START Material provided

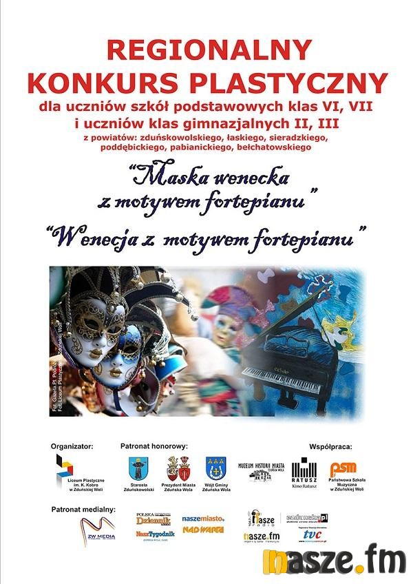 Regionalny Konkurs Plastyczny o dwóch tytułach "Maska wenecka z motywem fortepianu" i "Wenecja z motywem fortepianu", skierowany był do uczniów kl. VI i VII szkół podstawowych i uczniów klas gimnazjalnych: II, III szkół powiatów: zduńskowolskiego, łaskiego, pabianickiego, sieradzkiego, bełchatowskiego, poddębickiego.
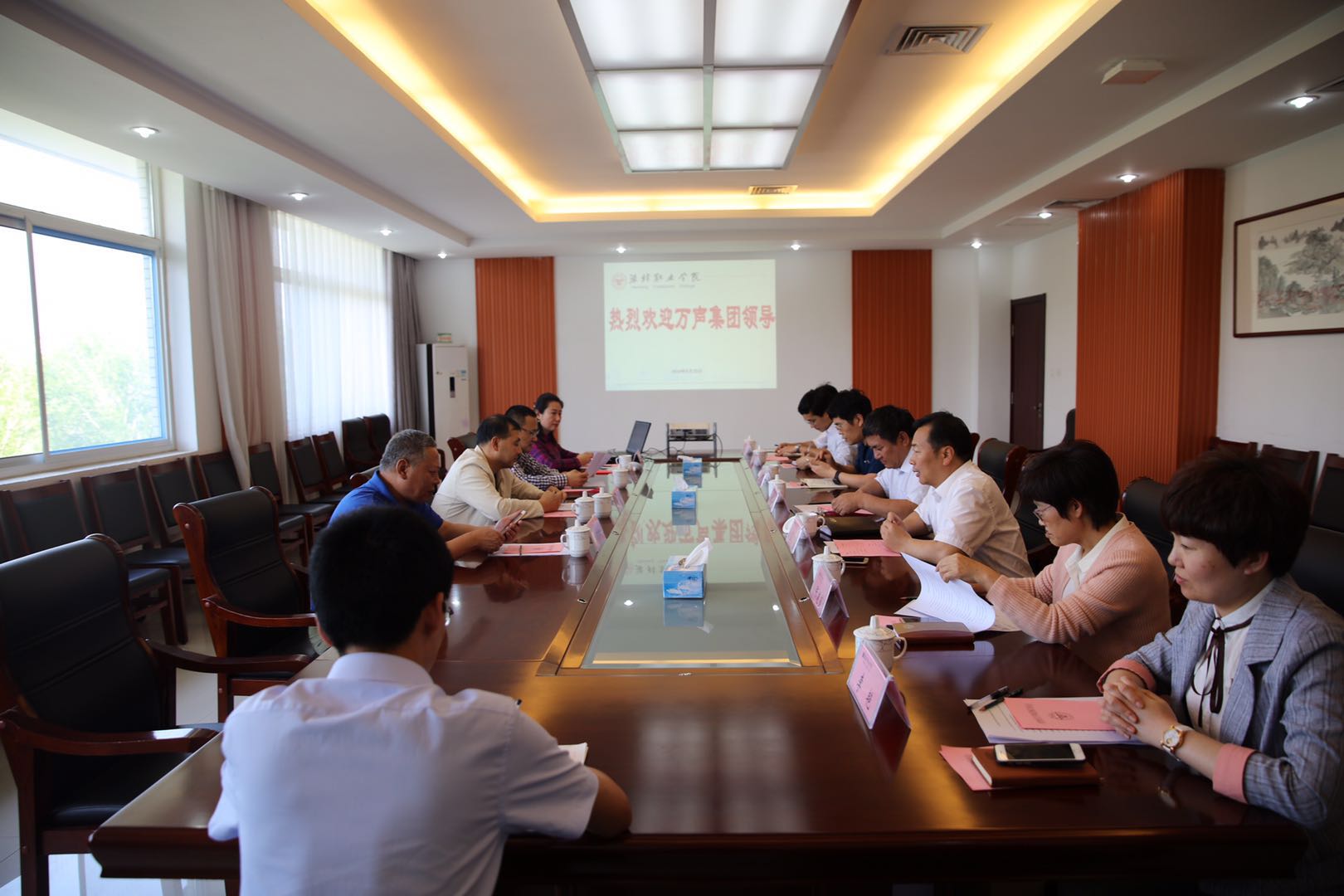 张洪全指出,学院与万声集团共建现代服务业混合所有制二级学院,实现了企业、学校和学生三方共赢,成为校企深度合作的典范,为学院的改革和发展做出了积极贡献。在当前全省全市推进新旧动能转换重大工程建设的背景下,学院要主动通过创新人才培养模式、优化专业结构、紧抓内涵建设,在思想上、理念上、行动上适应新旧动能转换要求,对接潍坊产业和企业需要,培养适应产业转型升级和企业需要的人才,助力区域产业和企业的发展。
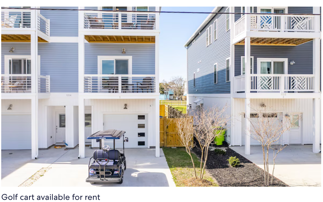 Brand new modern townhome with high end furniture. 2 blocks from the beach with easy beach access. GOLF CART included for free!Essentials such as body wash, shampoo, conditioner, towels, linens and pillows included. Outdoor shower and two deck areas. Plenty of beach chairs and beach accessories.
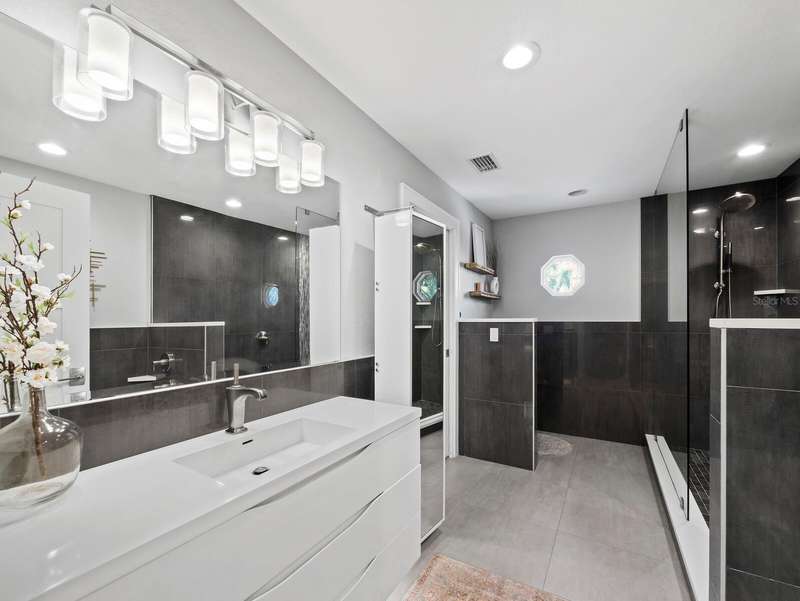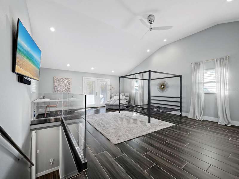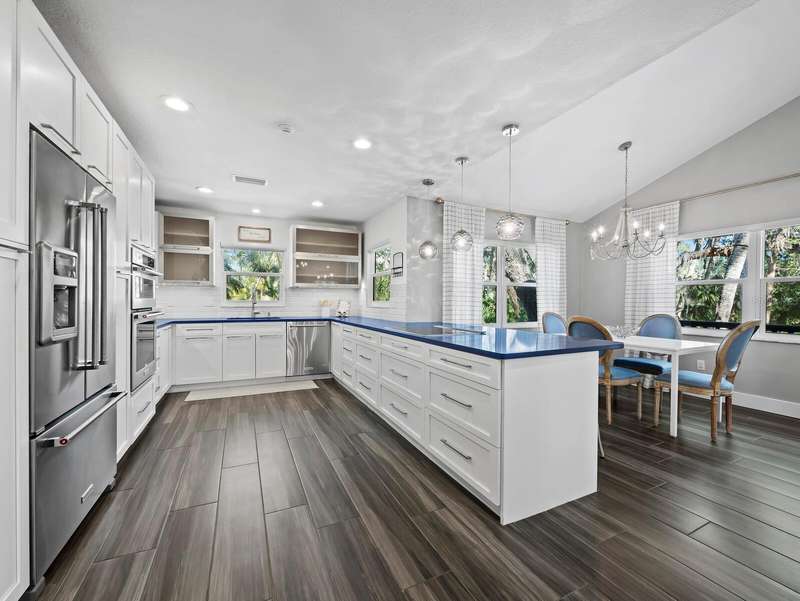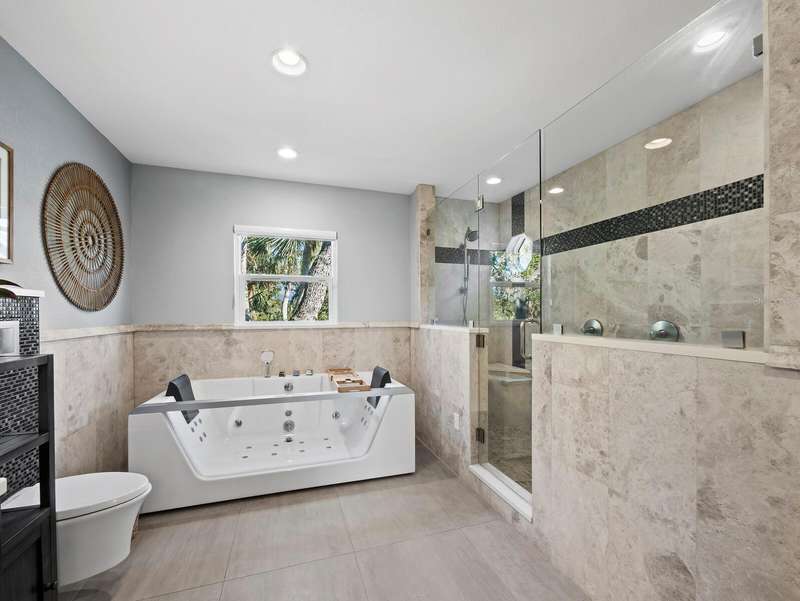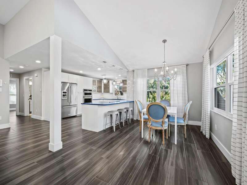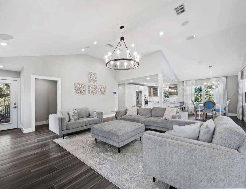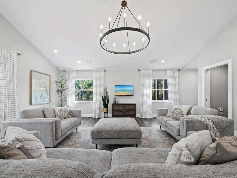 One or more photo(s) has been virtually staged. Have you been searching for a unique & ultra-special home nestled into the treetops? Look no further! Located in popular and convenient South Gate, this home is anything but typical! Elevated and surrounded by gorgeous nature, it has the feel of a luxurious tropical treehouse. From the large lot on a quiet & private street to the huge deck at the front door, you will appreciate the cool style as soon as you pull up…this property is truly one-of-a-kind. Phillippi Creek winds around the edge of the lot and you’ll often spot egrets, wood storks, blue heron, and even roseate spoonbills wading there, plus bald eagles and owls are known to nest nearby – it is a nature-lover’s paradise! Also, the creek is ideal for kayaking and you can launch right from the property and paddle all the way to in intercoastal if you like. The first floor features a spacious 2-car garage and loads of storage, with all living space located safely high above on the second and third stories. Soaring ceilings and a beautifully updated & chic kitchen define the main living area, with an elegant bath and the two nicely-sized bedrooms located on the same level. The property is offered furnished for your ultimate ease and convenience. You’ll adore the large screened deck with grill & gas fire pit too! Tucked into the treetops, this outdoor living space is infinitely enjoyable. Ascend to the main bedroom suite, where you will be absolutely wowed by the spaciousness and fantastic & airy volume ceilings! There is plenty of room for a sitting area, desk, or even a yoga or meditation spot so you can create a true retreat. The updated bath features a freestanding tub and shower with space for two, and the large walk-in closet has abundant room and is already fully customized with built-ins! The laundry is conveniently located upstairs in a second closet, and there is also a second fabulous screen porch to enjoy. Many smart home features make for easy living: Lutron lighting throughout, in-ceiling speakers, Arlo camera system, and an August automated front door lock. This entire home is perfectly updated and ready to enjoy and you will also be thrilled with the location: easily drive or bike to Siesta Key Beach or downtown, or hop on the nearby Legacy Trail! 10 minutes or less will get you most places, which is a rarity in Sarasota. Your tropical paradise treehouse awaits…come take a look at this unique and dazzling property today!

END Material provided

Problem to work on:
With the pictures left out, return the listing above exactly as it stands.

Result of this exercise:
 Regionalny Konkurs Plastyczny o dwóch tytułach "Maska wenecka z motywem fortepianu" i "Wenecja z motywem fortepianu", skierowany był do uczniów kl. VI i VII szkół podstawowych i uczniów klas gimnazjalnych: II, III szkół powiatów: zduńskowolskiego, łaskiego, pabianickiego, sieradzkiego, bełchatowskiego, poddębickiego.
 张洪全指出,学院与万声集团共建现代服务业混合所有制二级学院,实现了企业、学校和学生三方共赢,成为校企深度合作的典范,为学院的改革和发展做出了积极贡献。在当前全省全市推进新旧动能转换重大工程建设的背景下,学院要主动通过创新人才培养模式、优化专业结构、紧抓内涵建设,在思想上、理念上、行动上适应新旧动能转换要求,对接潍坊产业和企业需要,培养适应产业转型升级和企业需要的人才,助力区域产业和企业的发展。
 Brand new modern townhome with high end furniture. 2 blocks from the beach with easy beach access. GOLF CART included for free!Essentials such as body wash, shampoo, conditioner, towels, linens and pillows included. Outdoor shower and two deck areas. Plenty of beach chairs and beach accessories.
 One or more photo(s) has been virtually staged. Have you been searching for a unique & ultra-special home nestled into the treetops? Look no further! Located in popular and convenient South Gate, this home is anything but typical! Elevated and surrounded by gorgeous nature, it has the feel of a luxurious tropical treehouse. From the large lot on a quiet & private street to the huge deck at the front door, you will appreciate the cool style as soon as you pull up…this property is truly one-of-a-kind. Phillippi Creek winds around the edge of the lot and you’ll often spot egrets, wood storks, blue heron, and even roseate spoonbills wading there, plus bald eagles and owls are known to nest nearby – it is a nature-lover’s paradise! Also, the creek is ideal for kayaking and you can launch right from the property and paddle all the way to in intercoastal if you like. The first floor features a spacious 2-car garage and loads of storage, with all living space located safely high above on the second and third stories. Soaring ceilings and a beautifully updated & chic kitchen define the main living area, with an elegant bath and the two nicely-sized bedrooms located on the same level. The property is offered furnished for your ultimate ease and convenience. You’ll adore the large screened deck with grill & gas fire pit too! Tucked into the treetops, this outdoor living space is infinitely enjoyable. Ascend to the main bedroom suite, where you will be absolutely wowed by the spaciousness and fantastic & airy volume ceilings! There is plenty of room for a sitting area, desk, or even a yoga or meditation spot so you can create a true retreat. The updated bath features a freestanding tub and shower with space for two, and the large walk-in closet has abundant room and is already fully customized with built-ins! The laundry is conveniently located upstairs in a second closet, and there is also a second fabulous screen porch to enjoy. Many smart home features make for easy living: Lutron lighting throughout, in-ceiling speakers, Arlo camera system, and an August automated front door lock. This entire home is perfectly updated and ready to enjoy and you will also be thrilled with the location: easily drive or bike to Siesta Key Beach or downtown, or hop on the nearby Legacy Trail! 10 minutes or less will get you most places, which is a rarity in Sarasota. Your tropical paradise treehouse awaits…come take a look at this unique and dazzling property today!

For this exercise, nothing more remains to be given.